Wednesday, 30 November 2016


When I was growing up and starting to become politically aware, I became a strong Labour supporter. I could see no redeeming feature in any other political party and so joined the Labour Party immediately I left school. At university, I was a Labour Party and student activist and gradually progressed my way through the Party until I became a Parliamentary candidate at the age of 29, and an MP shortly thereafter.

I was an enthusiastic member of the Fourth Labour Government, supporting both its bold economic and foreign policy decisions as it sought to rebuild New Zealand after the Muldoon era. I marvelled then at the breadth and diversity of the Labour Caucus, encompassing a range of experiences, skills, and backgrounds. It seemed to represent New Zealand at its broadest. But when Labour started to implode during its second term in the wake of the Sharemarket Crash my first doubts started to stir. I remember talking at the time to then senior National MP George Gair, a liberal who often seemed more comfortable with Labour policies than those of his own Party. I well recall asking him why he had joined the National Party. He replied that, “Only a fool believes his Party is right all the time. I joined National because I agreed with more of what it stood for, than I disagreed with.”

That conversation set me thinking about my own situation, especially once Labour went back into Opposition and tried to turn its back on all that it had done in Government, under the fatuous slogan of its then leader: “Labour’s coming home.” I rapidly realised that particular home was not a place where I wanted to be, and that I did not quite fit anyway. I was not able to tell Caucus of the privations of being brought up in a state house, the way so many others did, and I did not feel my personal experience of being the oldest of four young teenagers raised by my mother on a widow’s pension in a middle class suburb was anyone else’s business but my family’s.

I suppose it was no real surprise, therefore, that I was to leave the Labour Party after more than 20 years as a Party member, in favour of establishing a more centrist, liberal Party. But that is not the real point of this story. Rather, it is to hark back to the Gair comments and the folly of “my party, right or wrong” politics.

I remember being lectured at University that to understand New Zealand politics one had to appreciate that Labour was too hide-bound by its principles and its past, and consequently too often unelectable. National, on the other hand, stood for nothing other than not being Labour, and beat them more often than not at election time as a consequence. Harsh, perhaps, but certainly true.

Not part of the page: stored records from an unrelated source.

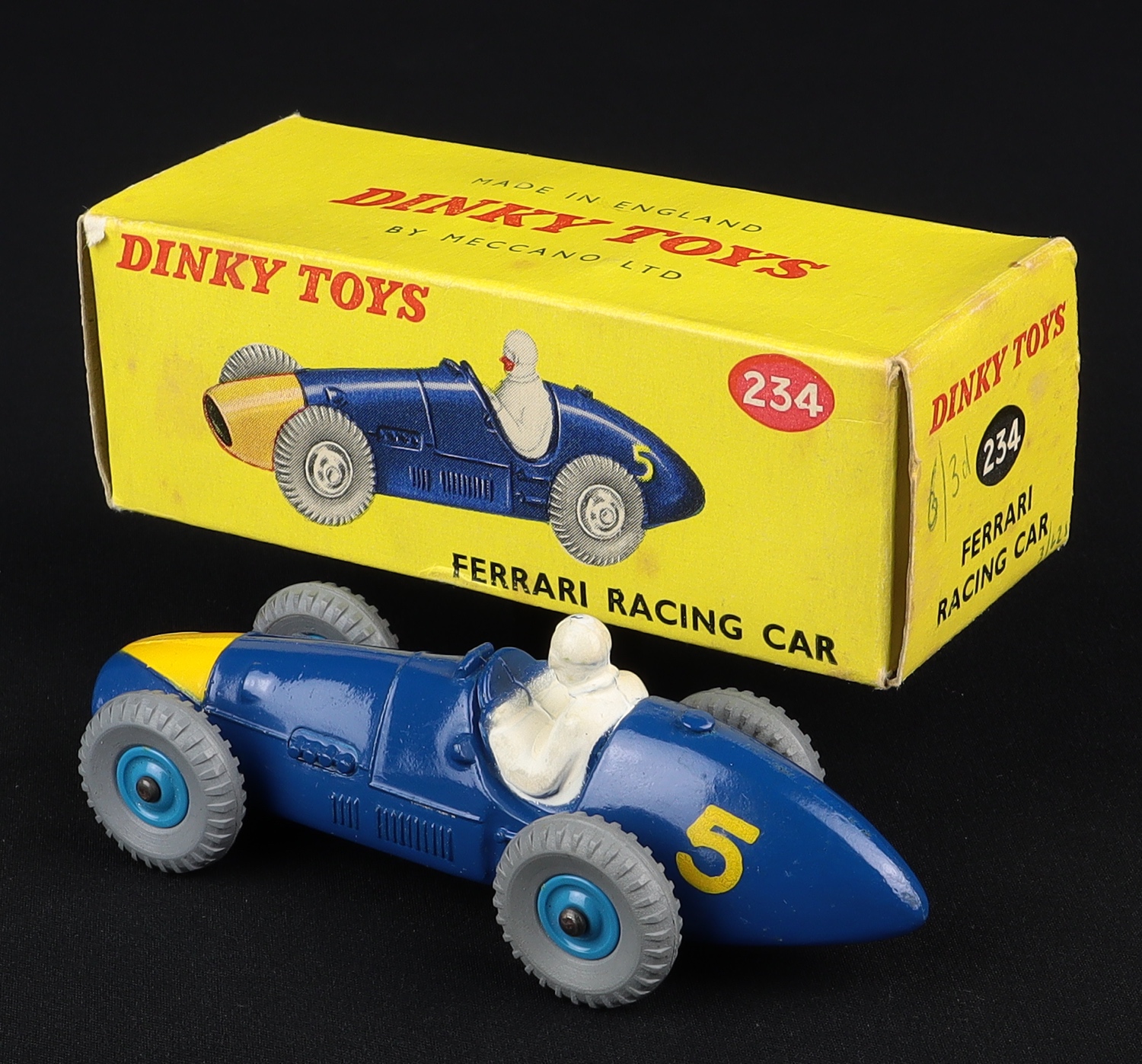 Ferrari Racing Car by Dinky Toys, No. 234. Very near mint/boxed. Scarce 'shark nose' version with BLUE PLASTIC wheels. From The Ground Crew Collection.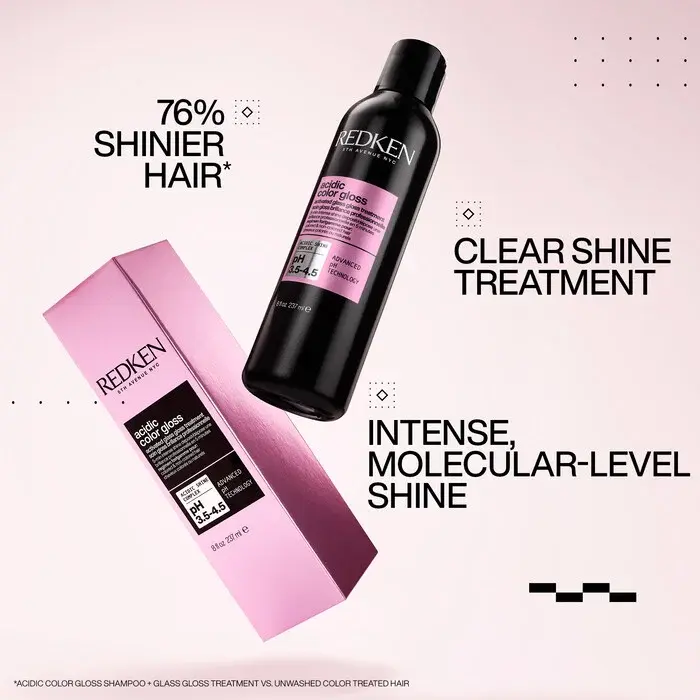 Redken's Acidic Color Gloss Activated Glass Gloss Treatment is an at-home professional strength glossing treatment that deeply conditions and adds intense, molecular-level shine for color-treated hair. A pH-balanced formula with Citric Acid and Apricot Oil, this pre-activated ultra-acidic formula helps seal the cuticle and locks in glass-like shine for up to 3 days and +76% shinier hair**. This rinse out glossing treatment leaves hair looking and feeling revitalized. Use as a complete routine with Acidic Color Gloss Shampoo, Conditioner and Heat Protection Leave-In Treatment.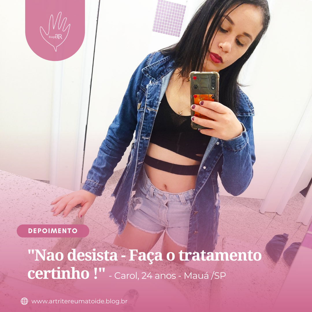 Meu nome é Carol, tenho 24 anos, convivo com o diagnóstico de Artrite Reumatoide há 12 anos, sou Operadora de Caixa, e moro em Mauá/SP.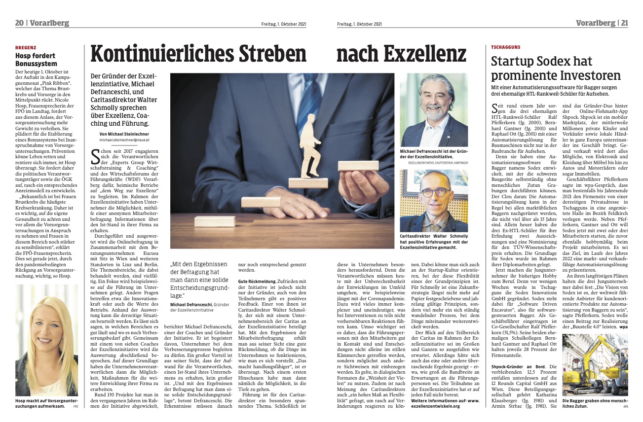 1. Oktober 2021 – Presse: Kontinuierliches Streben nach Exzellenz. In NEUE Vorarlberger Tageszeitung vom 1.10.2021, S.20f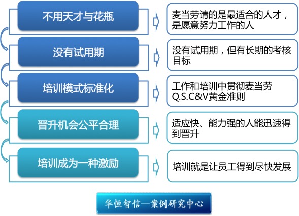 麦当劳的培训理念是:培训就是让员工得到尽快发展。麦当劳的管理人员都要从基层员工做起,升到餐厅经理这一层,就该知道怎样去培训自己的团队,从而对自己的团队不断进行打造。麦当劳公司的总经理每三个月就要给部门经理做一次绩效考核,考核之初,先给定工作目标,其中有两条必须写进目标中,那就是如何训练你的下属--什么课程在什么时候完成,并且明确告诉部门经理,一定要培训出能接替你的人,你才有机会升迁。如果事先未培养出自己的接班人,那么无论谁都不能提级晋升,这是麦当劳一项真正实用的原则。由于各个级别麦当劳的管理者,会在培训自己的继承人上花相当的智力和时间,麦当劳公司也因此成为一个发现和培养人才的大课堂,并使麦当劳在竞争中长盛不衰。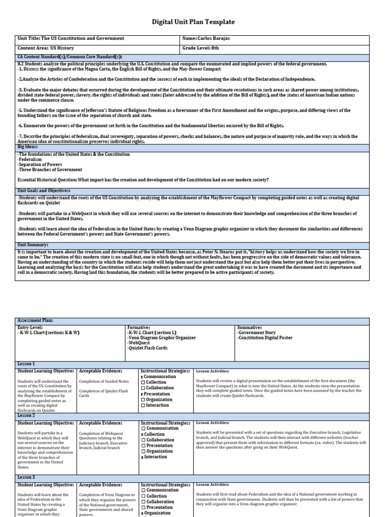 Digital Unit Plan Template United States Bill Of Rights United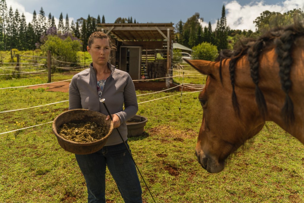 To begin training ground manners around feeding bring a whip with you to help establish your personal bubble of space. When you step into the stall, pasture or paddock and your horse approaches you with ears pinned you can swing the wip left and right in front of her legs. If your horse stops great, if he/she proceeds forward change the direction of your whip to up and down in front of his/her face to get his/her attention. Please note, the idea isn’t to make contact with your horse, just to establish your space and presence. Although your horse may walk into the whip… but they will likely only do that once.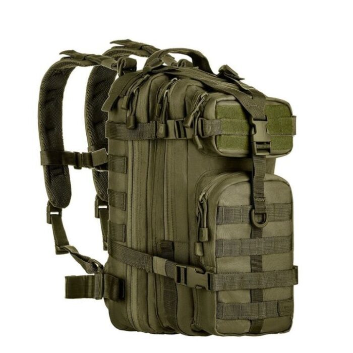 A Mochila Tática Assault – Verde Oliva é compacta e funcional. Seu formato garante mobilidade ao usuário sem perda de capacidade no armazenamento de equipamentos. Possui diversos compartimentos e organizadores que auxiliam em operações táticas e no dia a dia.

So when I heard the current Labour leader berating the former Labour Mayor of Porirua as not “true Labour” for allegedly contemplating standing for the National Party, I felt I was back in the time warp. “My party, right or wrong” thinking has returned with a vengeance under the current Labour leadership. The focus seems to be more on building a cadre of proper-thinking members, rather than a broad based organisation, capable of accommodating many different voices, but coalescing around some common broad goals to present to the electorate. No, the primary goal now seems to be to ensure the ideological purity of those who represent the Party, which narrows its base considerably. The test for advancement is no longer merit based, but on whether one is “true” Labour or not, however vaguely that is defined. Labour’s leaders used to proclaim it was a “broad church”, but now it has become a “narrow sect”.

In my darker moments, I think of the Labour Party I joined and how it has changed over the years. I feel sad, not bitter, that it has moved away from so many people like me, who used to be its advocates, and has written off people of independence and aspiration as not fitting its core values. Yet, we still have a burning social conscience, and still believe there is a place for a major Party of compassion that can balance the accounts, and preserve the environment. Today, National has well and truly outflanked Labour on those scores, and only Labour seems not to realise it.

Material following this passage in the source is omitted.